Phish.ly is in your corner, scanning suspicious emails with Tines and urlscan.io

Written by Conor O'Neill

Published on February 20, 2022

This article was posted more than 18 months ago.

Phishing remains a problem for everyone and any tool that helps is valuable. This post was prompted by the ongoing usage of our free Phish.ly service that we see every day, as people discover the tool and derive enormous benefit from it.

If you want to evaluate a suspicious email right now, you need read no further. Just forward that email immediately to scan@phish.ly to get a response quickly from the service.

When we launched it in July 2020, in conjunction with urlscan, we simply wanted to provide a useful tool to everyone, whilst showing off the capabilities of both Tines and urlscan.

The Tines automation itself is beautifully straightforward, as you'd expect, and the integration with urlscan was incredibly easy. The two tools just keep working together, helping the community.
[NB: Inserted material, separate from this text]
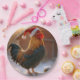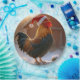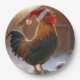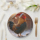 Crowing Christmas Rooster Wearing a Santa Hat Paper Plate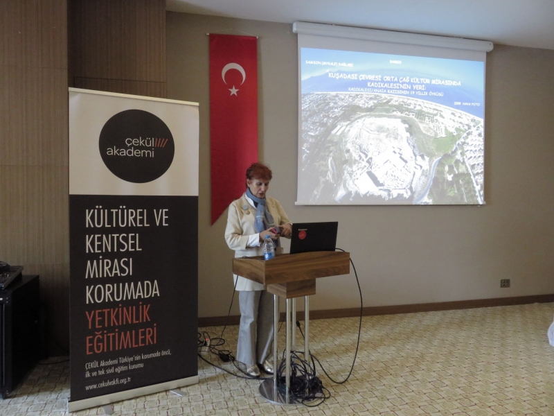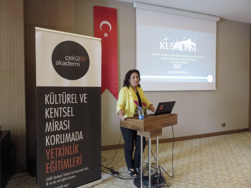 Kuşadası Belediye Başkan Danışmanı ve ÇEKÜL Kuşadası temsilcisi Dr. Ayşe Şerifoğlu ise “Doğal, Tarihi ve Kültürel Değerlerin Korunarak Kullanılmasına Yönelik Projeler; Kuşadası Örneği” başlıklı bir sunum yaptı. Kuşadası Belediyesinin Güney Ege Kalkınma Avrupa Birliği, Yatırım Destek Ofisi ve üniversiteler ile, aralarında ÇEKÜL, TÜRÇEV ve ÇEVKO’nun da bulunduğu sivil toplum örgütleri; yanı sıra özel sektörle yürütülen projeler hakkında bilgi verdi. Güney Ege Kalkınma Ajansı iştiraki ve ÇEKÜL Vakfı destekli “Tarihi Kuşadası Limanı ve Kültürel Rotalar Projesi” ile 7 adet tarihi ve kültürel rota oluşturulduğuna dikkat çeken Şerifoğlu, bu projeyle tarihi Kuşadası evlerinin turizme kazandırılması, yöresel ürünlerin, tarihi ve kültürel değerlerin turizme entegre edilmesinin sağlandığını; Kuşadası genelinde çeşitli kültürel rotaların oluşturulması ve turizmin sürdürülebilirliğinin hedeflendiğini anlattı. Şerifoğlu, bu kapsamda, Kuşadası Belediyesi Ege Mutfakları Evi, Kuşadası Belediyesi Türk Kahvesi Evi, Sevil-Yaşar Altaş Eğitim ve Kültür Merkezi olarak eski eserlerin restore edildiği ve işlevlendirildiğini söyledi.

One other aspect of Phish.ly which might not be obvious is how it proves, once again, that no-code is absolutely viable in production on the web. Think about how much work would have been involved in developing, deploying and maintaining a traditional webapp to deliver the same benefits. Instead we have a single static info page, a Tines Story and the urlscan API tied together with a small amount of work, and still running completely reliably 18 months later.

Services like Phish.ly or our low-key TinesBot, which shares community threat intelligence, are part of a broader ecosystem of tools in the infosec community that we encourage you to explore, discuss, share and use.